From time to time, the reality of cash flow may dictate that related entities lend to or borrow from each other. The accounting treatment, in its most basic form, needs to mirror the flow or control of cash. Except when finances are presented on a consolidated basis, each party to the transaction will present an advance differently on its respective balance sheet.
In practice, the power to control cash defines it as an asset. In the case of an advance to a subsidiary, the entity receiving the cash has gained an asset because it has the spending power, or the ability to control how the borrowed cash is utilized. The receiver also has some kind of liability for repayment, which may or may not be documented.
Contrary to what may appear as intuitive, the accounting classification for cash advanced to a subsidiary does change. The advancing entity has in some respects given up control or use of a specific amount of cash, or spending power. Though the advance is to a related party, the asset has now taken on the features of an account receivable. The asset is current, probably collectible and easily measured but it is no longer cash that can be spent in another way.
Since the cash accounts of both the provider and receiver get decreased and increased accordingly, the more important classification arise in the offsets to these entries. From the perspective of the provider of the cash, it has now created an account receivable, albeit due from a related party. In turn, the receiver of the cash now has created an account payable or perhaps even a note payable depending on the nature and documentation of the advance.
Correct accounting presentation is important, particularly if management decisions are made independently by the related entities. In addition, creditors of the entities need some degree of transparency about the individual liquidity of related businesses.
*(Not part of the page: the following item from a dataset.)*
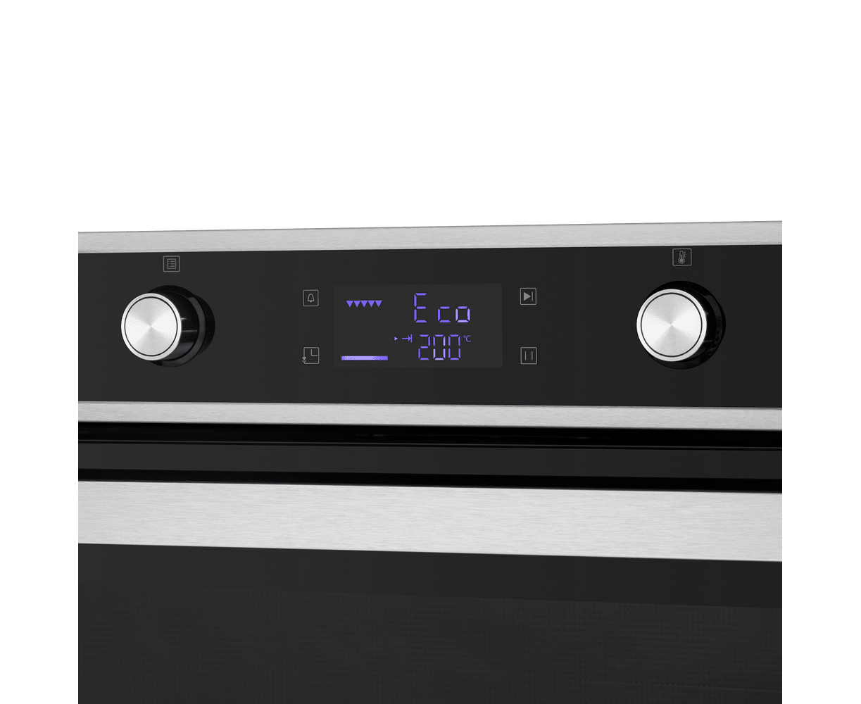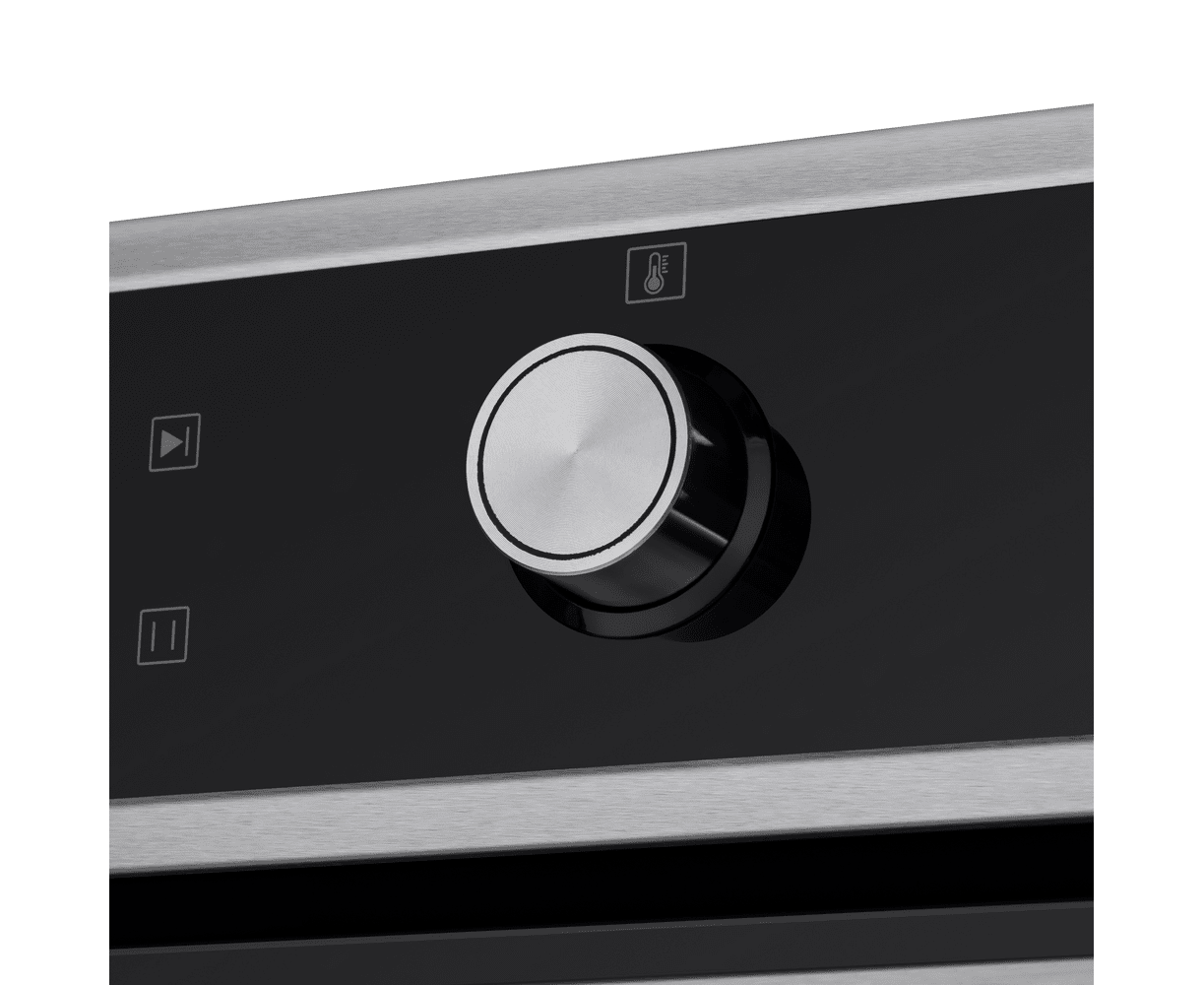 Комбинированное управление реализовано в виде сенсорного дисплея с подсветкой для сенсорного управления и поворотных ручек PUSH PULL, которые легким нажатием убираются внутрь корпуса. Можно выбрать режим работы, температуру (50°-250°C), установить таймер и блокировку от детей. В данной модели есть 9 режимов работы: традиционный нагрев, конвекционный нагрев, полный гриль, ЕСО, нижний нагрев, половинный гриль, разморозка, конвекция с грилем, освещение.
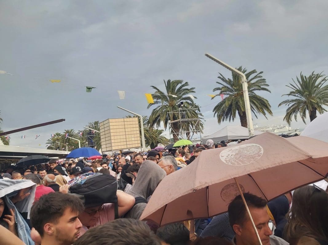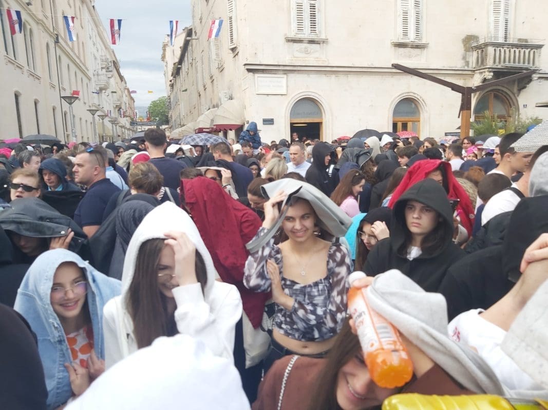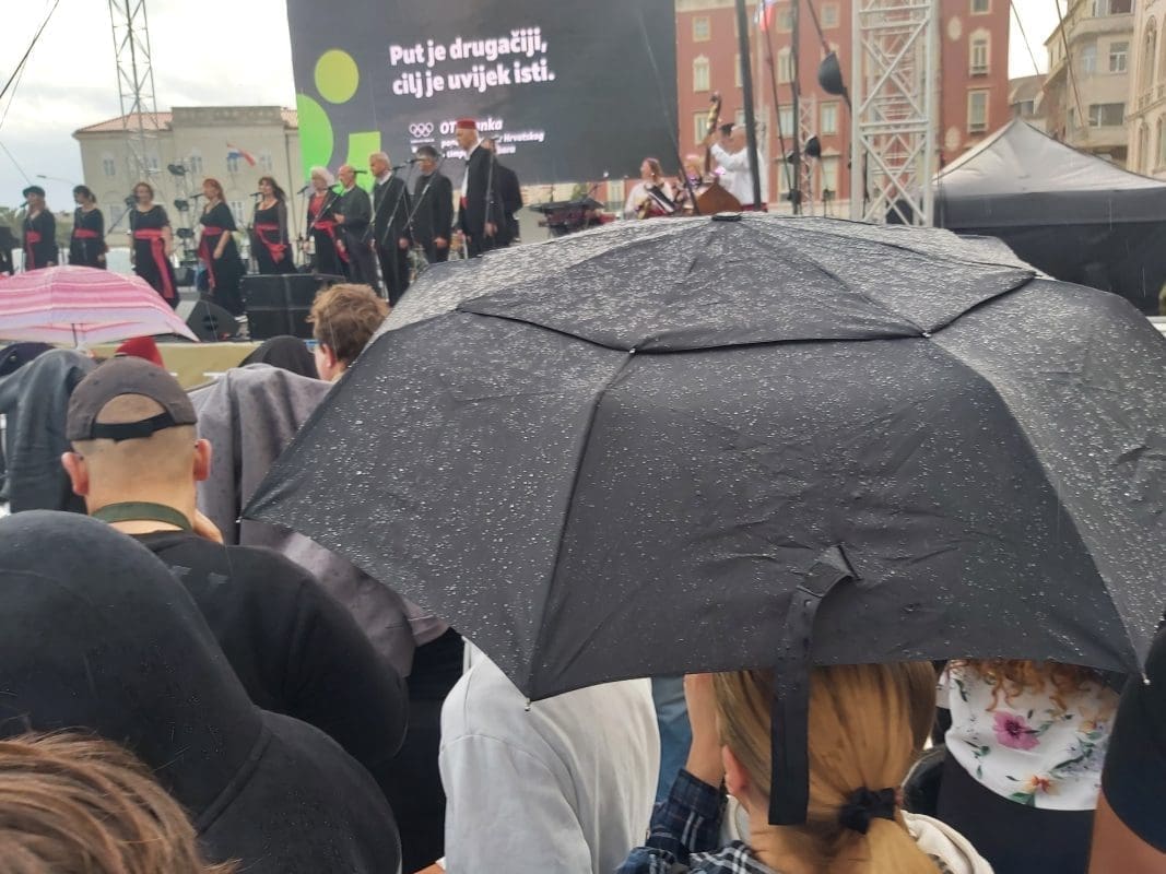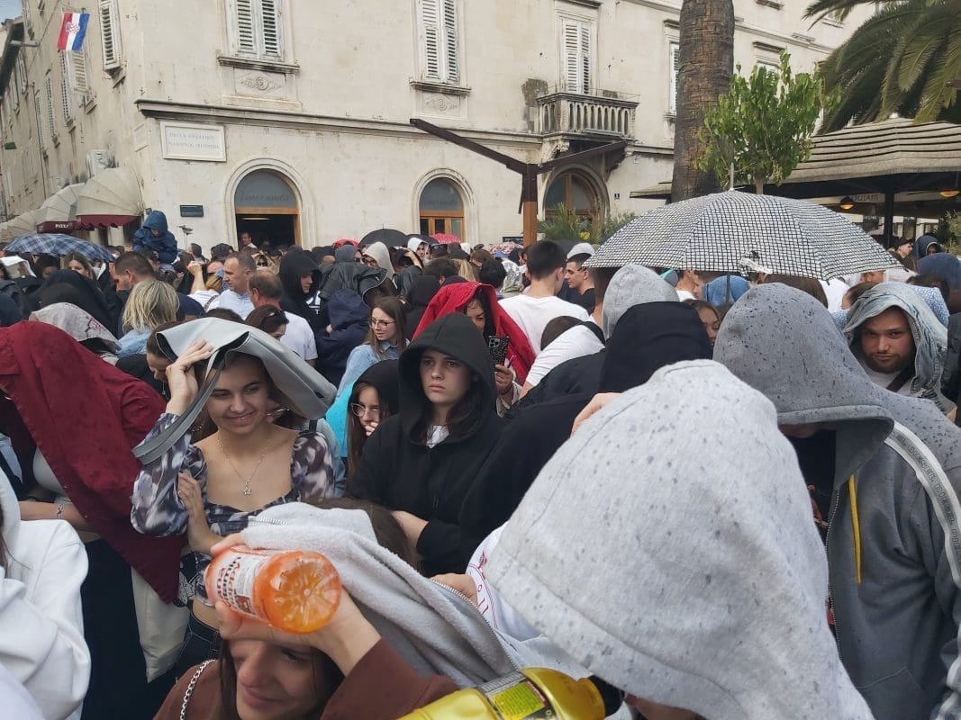 Svi se spremaju i za tombolu. Svugdje se traži kemijske više. No, odjednom je počela padati kiša, pa su se spremale naočale i vadili kišobrani. A mnogi su svoje sklonište tražili na Prokurativama.

When financial statements are prepared on a consolidated basis, with one set of statements describing the activities of all related entities, advances to subsidiaries will not be presented. They will have been adjusted via so-called "eliminating entries" in the consolidation process.
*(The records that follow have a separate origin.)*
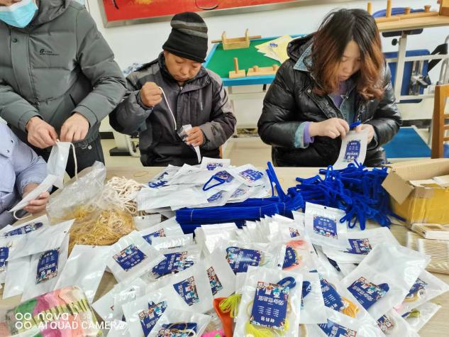 第二天是最后一道工序进行大袋包装,这个要求也是要按顺序进行,操作中由于装袋的东西要核对数量所以慢了点,有的残障人士可能数不好,大家看到后自觉相互帮助,经过两天的努力,所有成品全部完成,大家兴奋的一起的鼓掌庆祝。
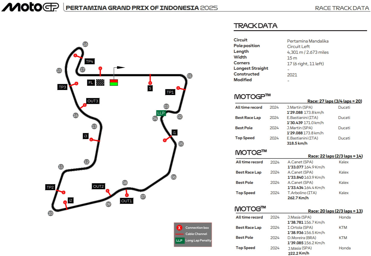 Dans la liste des inscrits à ce Grand Prix d’Indonésie 2025 ne figurent malheureusement pas les noms de Jorge Martin (Aprilia Racing), clavicule cassée au Japon, et Ai Ogura (Trackhouse MotoGP Team), souffrant toujours de sa chute à Misano.
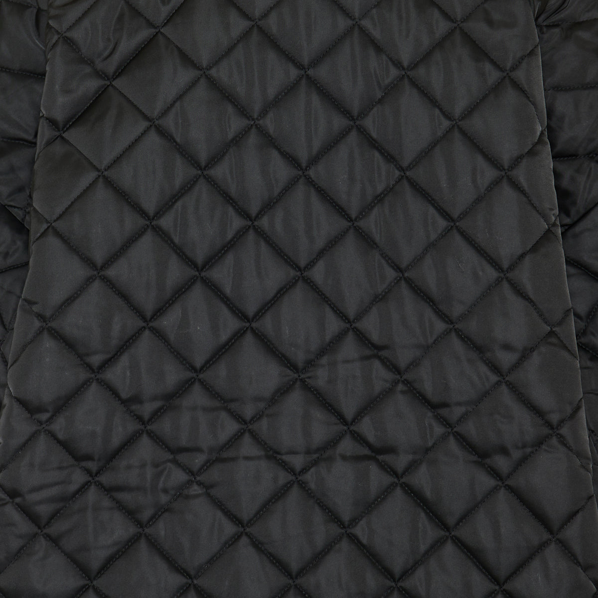 An oversized quilted jacket crafted from recycled polyester, featuring a neat collar, snap button closures, and slanted pockets. The elongated body and sleeves create a dramatic A-line silhouette, making it a versatile addition to both casual and formal wardrobes.
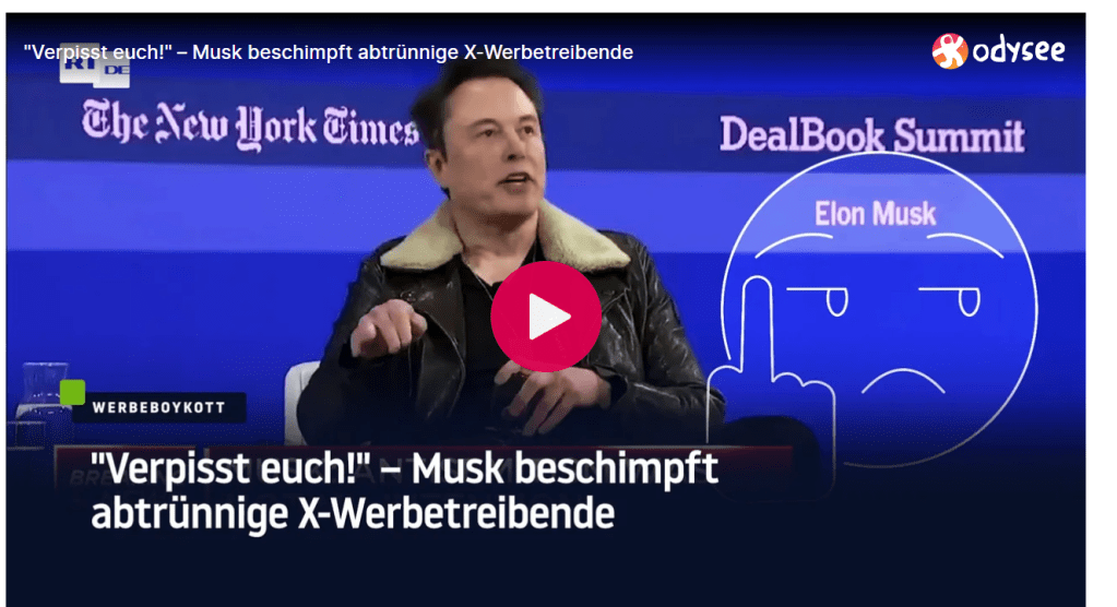 https://odysee.com/@RTDE:e/-Verpisst-euch!–%E2%80%93-Musk-beschimpft-abtr%C3%BCnnige-X-Werbetreibende:0?src=embed
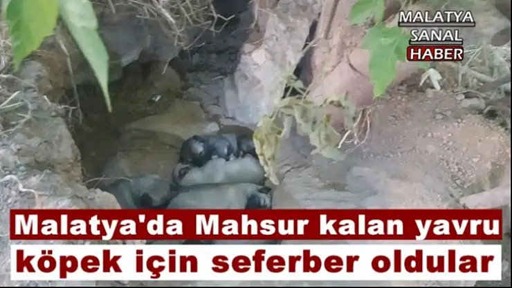 Malatya’da bir çukurda mahsur kalan yavru sokak köpeği, mahalledeki çocuklar ve vatandaşların hummalı çalışması ile kurtarıldı.

The pre-consolidated effect of an advance, however, could affect one entity's "face" that it presents to lenders, creditors, shareholders or other interested parties. Management may heave reason to present a particular entity as "cash rich," liquid or asset-heavy. Conversely, there may be motivation to portray an unconsolidated position of cash tightness or asset constraint.
Most importantly, the reasons behind cash advances must be clearly understood. The movement of cash between related entities for no adequate business reason should be a precursor for further analysis by interested parties.